Results: We first classified all the genes in the human genome into cancer-associated and non-cancer-associated
genes based on extensive literature mining. We then selected a set of functional attributes proven to be highly
relevant to cancer biology that includes protein kinases, secreted proteins, transcription factors, post-translational
modifications of proteins, DNA methylation and tissue specificity. These cancer-associated genes were used to
extract ‘common cancer fingerprints’ through these molecular attributes, and a Boolean logic was implemented in
such a way that both the expression data and functional attributes could be rationally integrated, allowing for the
generation of a guilt-by-association algorithm to identify novel cancer-associated genes.
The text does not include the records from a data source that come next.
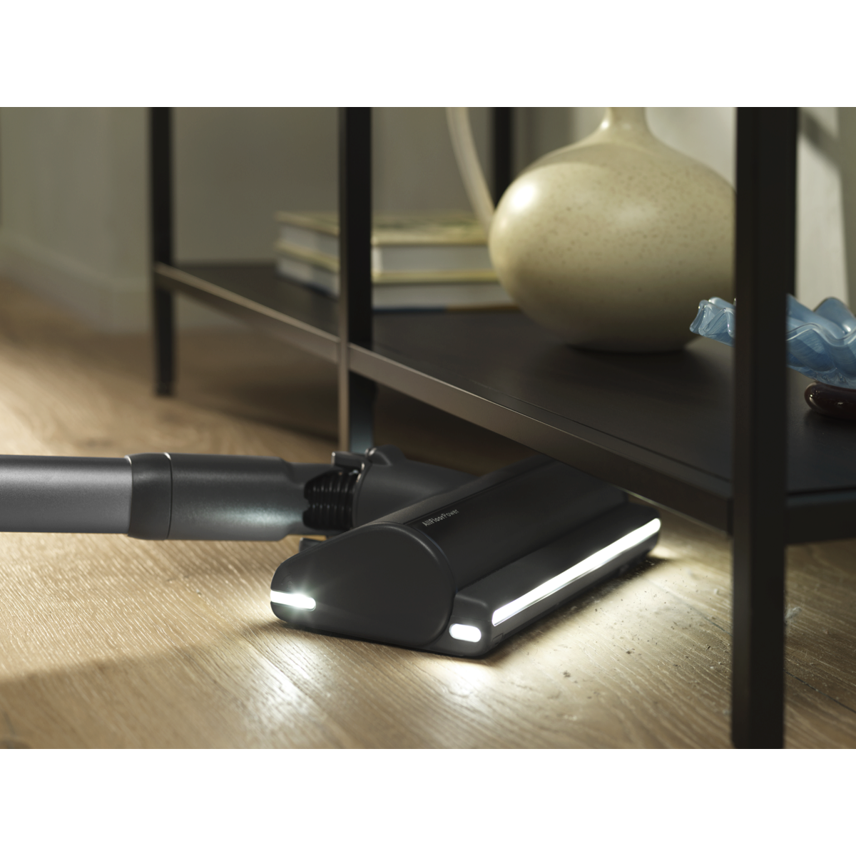 Učinkovitost, ki traja. Brezžični sesalnik 900 z nastavkom AllFloor Power je edini brezžični sesalnik, ki združuje najdaljši čas delovanja v svojem razredu z do 100-% pobiranjem prahu.*
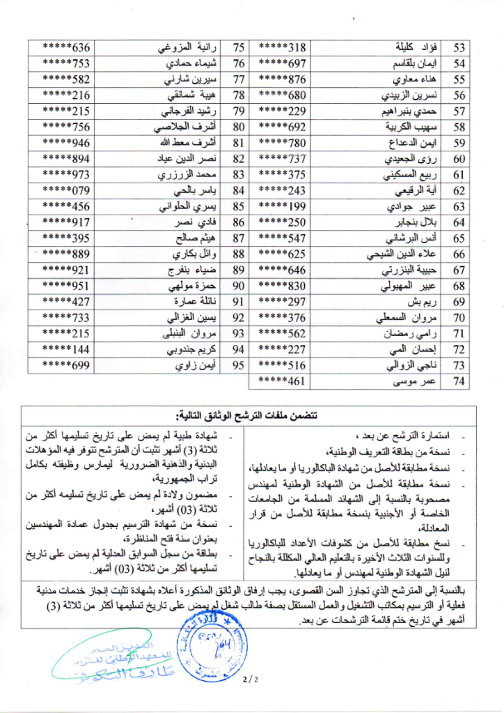 يتعين على المترشحين المذكورة أسماؤهم بالقائمة المرفقة تقديم ملفات ترشحهم متضمنة كامل الوثائق المطلوبة مباشرة بمكتب الضبط المركزي للمعهد أو إرسالها عبر البريد على العنوان التالي :
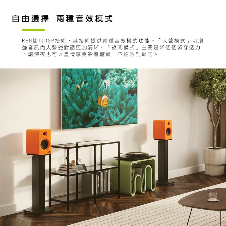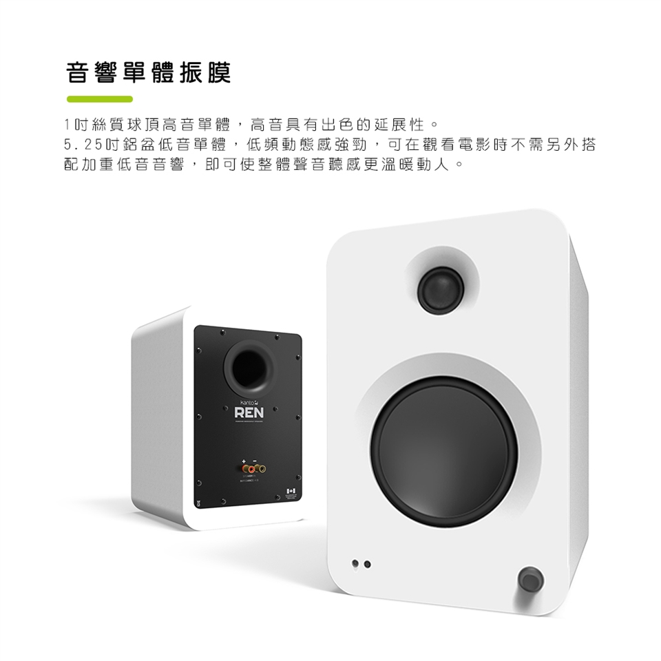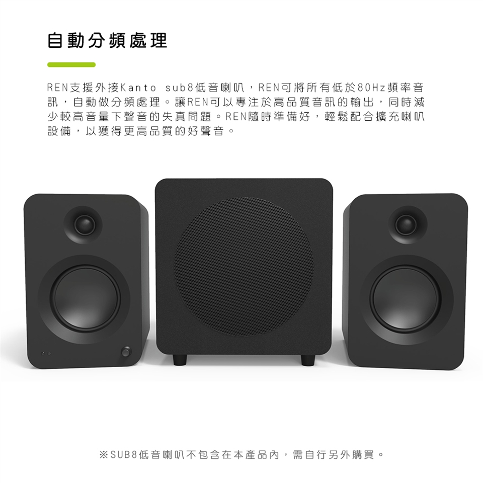 REN支援外接Kanto sub8低音喇叭,REN可將所有低於80Hz頻率音訊,自動做分頻處理。
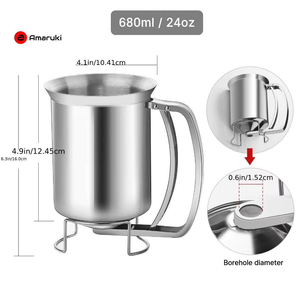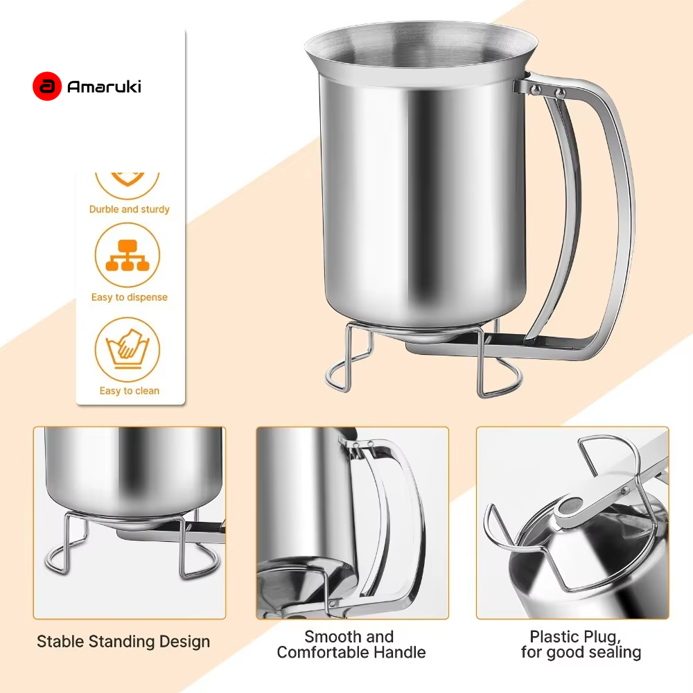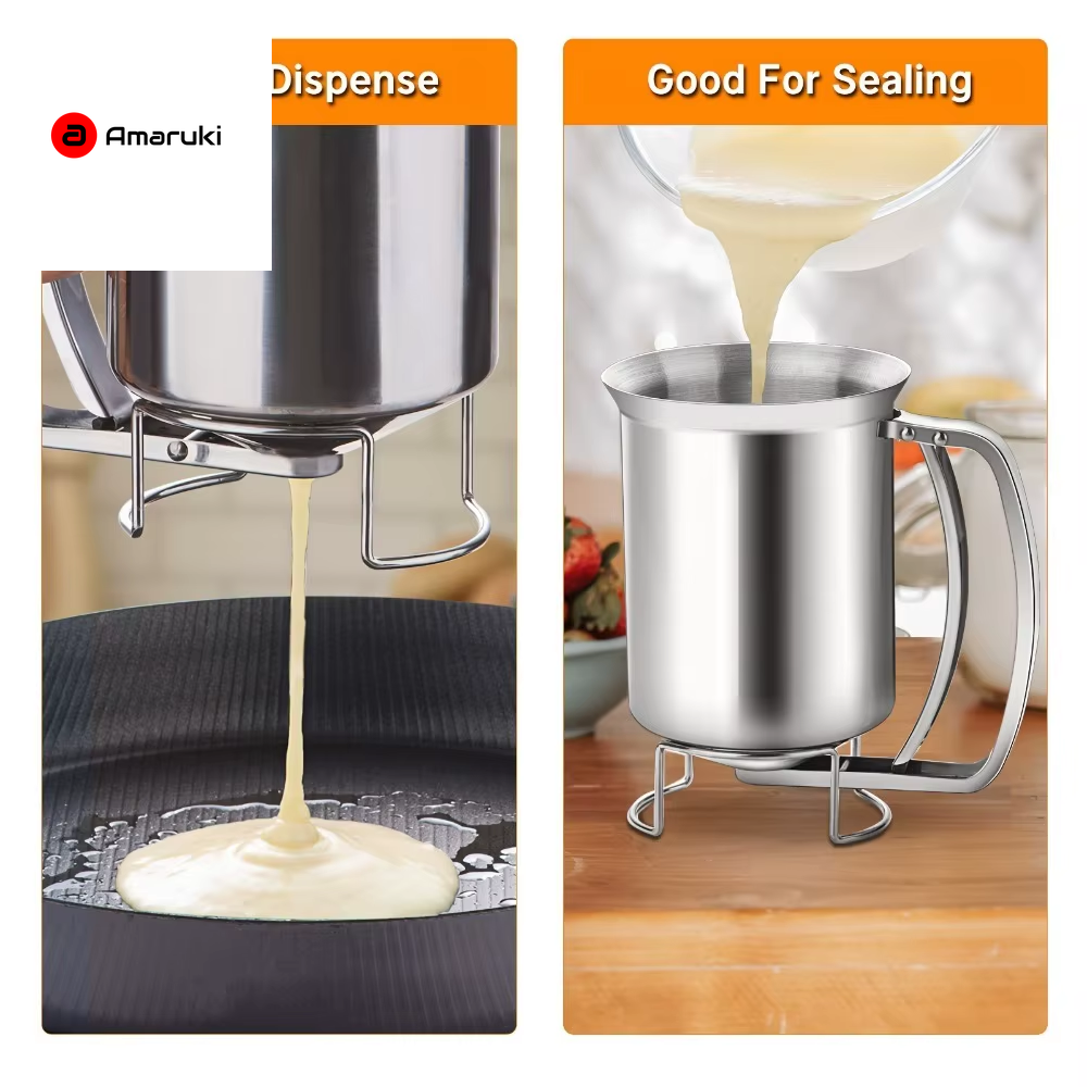 Stainless Steel Batter Dispenser 680Ml Reusable Food Grade for Pancakes Waffles Cupcakes Easy Release Pourer Kitchen Tool

Finally, these candidate
genes are interlaced with the known cancer-related genes in a network analysis aimed at identifying highly
conserved gene interactions that impact cancer outcome. We demonstrate the effectiveness of this approach using
colorectal cancer as a test case and identify several novel candidate genes that are classified according to their
functional attributes. These genes include the following: 1) secreted proteins as potential biomarkers for the early
detection of colorectal cancer (FXYD1, GUCA2B, REG3A); 2) kinases as potential drug candidates to prevent tumor
growth (CDC42BPB, EPHB3, TRPM6); and 3) potential oncogenic transcription factors (CDK8, MEF2C, ZIC2).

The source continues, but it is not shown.